MSF began working in the former Soviet Union in December 1988 - carrying out emergency relief work in the aftermath of the earthquake in Armenia. In the early 90s, violent conflicts broke out in the countries of the former Soviet Union. The organization started basic health-care programs for the hundreds of thousands of displaced persons in the republics of Tajikistan, Azerbaijan and Armenia.
Today MSF runs both emergency and longer-term programs in nine CIS countries, where it often closely collaborates with local and national authorities as well as other humanitarian organizations.
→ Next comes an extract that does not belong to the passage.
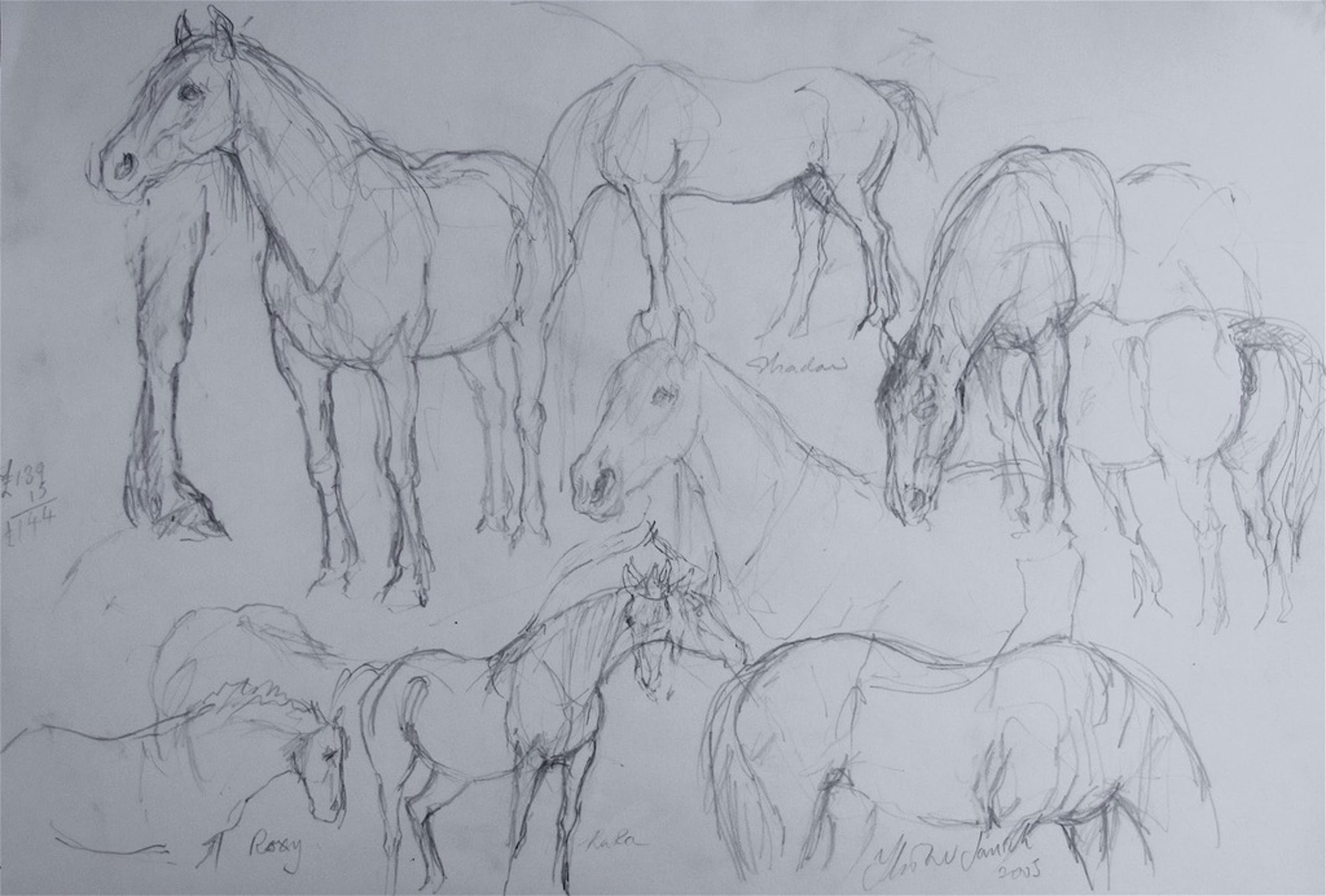 Op dit blad staan verschillende schetsontwerpen van haar beelden afgebeeld., 'Shadow', 'Roxy' en 'RaRa'.

Many of its current activities have evolved from past programs in the CIS, and thus are the result of accumulated expertise. Founded in 1971, Médecins Sans Frontières (MSF) is an independent, international medical relief organisation. Every year more than 2,000 volunteer doctors, nurses, and other professionals join MSF. These volunteers work hand in hand with some 10,000 national staff in over 80 countries worldwide. Together, they provide medical and humanitarian assistance to the victims of armed conflicts, epidemics, and other natural or man-made disasters.
MSF operates on the principles of universal medical ethics and the right to humanitarian assistance regardless of race, religion, or political affiliation. In addition, MSF has a mandate to speak out and to advocate on issues where medical assistance is not enough to save lives. To maintain its independence, more than half of the organisation's funding comes from private donors. Other funding is provided by various international organisations and governmental institutions.